A support vector is an instance of a class that is determining the decision boundary of the support vector machine.

## Exercise 3
Why is it important to scale the inputs when using SVMs?

The decision boundary made by the SVM is affected by features scales. If we have very different scales along each feature we will get a poor decision boundary.

## Exercise 4
Can an SVM classifier output a confidence score when it classifies an instance? What about a probability?

The SVM can output the distance between the instance and the decision boundary, which can be used as a confidence score of the classification. However, support vector machines can't output a probability.

## Exercise 5
Should you use the primal or the dual form of the SVM problem to train a model on a training set with millions of instances and hundreds of features?

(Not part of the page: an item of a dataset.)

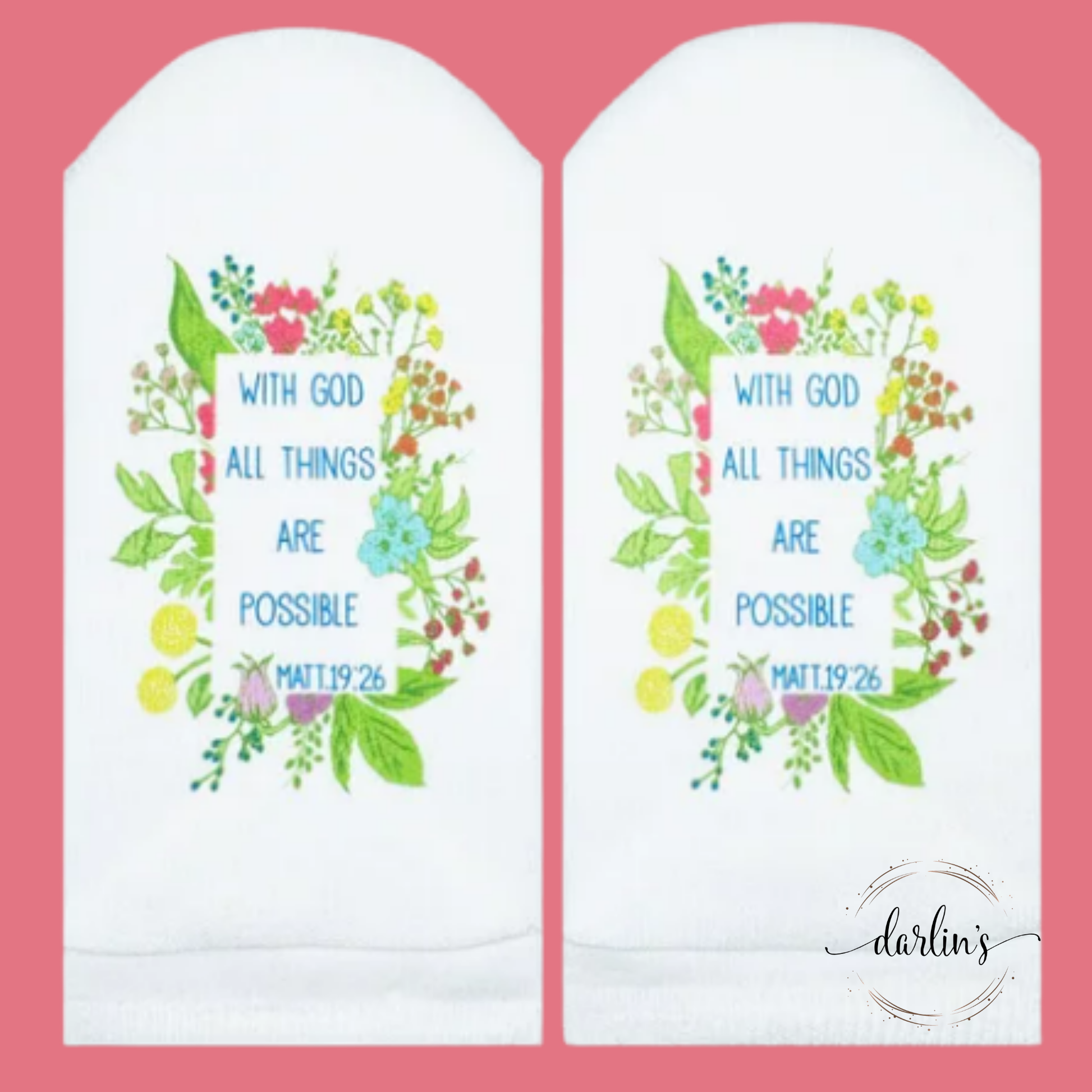 These elegant socks feature the inspiring verse from Matthew 19:26, "With God All Things Are Possible," serving as a powerful reminder of faith and limitless potential. The refined design subtly incorporates this uplifting message, making these socks a meaningful accessory for those who value both style and spiritual encouragement. Perfect as a thoughtful gift or a personal symbol of hope and perseverance, they blend timeless elegance with heartfelt inspiration.

The primal form should be used in this case, as its complexity is linear in regards to the number of features m, while the complexity of the dual form ranges from m^2 to m^3. Dual form allows us to do the kernel trick, and is much faster when the number of instances is smaller than the number of features.

## Exercise 6
Say you trained an SVM classifier with an RBF kernel. It seems to underfit the training set: should you increase or decrease gamma? What about C?

Since the classifier is suffering from high bias (underfitting) the best solution would be to decrease regularization, which means we should increase both gamma and C.

## Exercise 7
How should you set the QP parameters (H, f, A, and b) to solve the soft margin linear SVM classifier problem using an off-the-shelf QP solver?

:(

## Exercise 8
Train a LinearSVC on a linearly separable dataset. Then train an SVC and a SGDClassifier on the same dataset. See if you can get them to produce roughly the same model.

In [1]:
from sklearn.datasets import load_iris
from sklearn.preprocessing import StandardScaler

iris = load_iris()
X = iris["data"][:, (2, 3)]  # petal length, petal width
y = iris["target"]

setosa_or_versicolor = (y == 0) | (y == 1)
X = X[setosa_or_versicolor]
y = y[setosa_or_versicolor]

scaler = StandardScaler()
X = scaler.fit_transform(X)

In [2]:
C = 4
alpha = 1 / (C * len(X))

In [3]:
from sklearn.svm import LinearSVC, SVC
from sklearn.linear_model import SGDClassifier

classifiers = [
    LinearSVC(loss="hinge", C=C),
    SVC(kernel="linear", C=C),
    SGDClassifier(max_iter=1000, alpha=alpha)
]

for clf in classifiers:
    clf.fit(X, y)
    print("Classifier: {0} - Intercept: {1} - Coefs: {2}".format(
            clf.__class__.__name__, clf.intercept_, clf.coef_))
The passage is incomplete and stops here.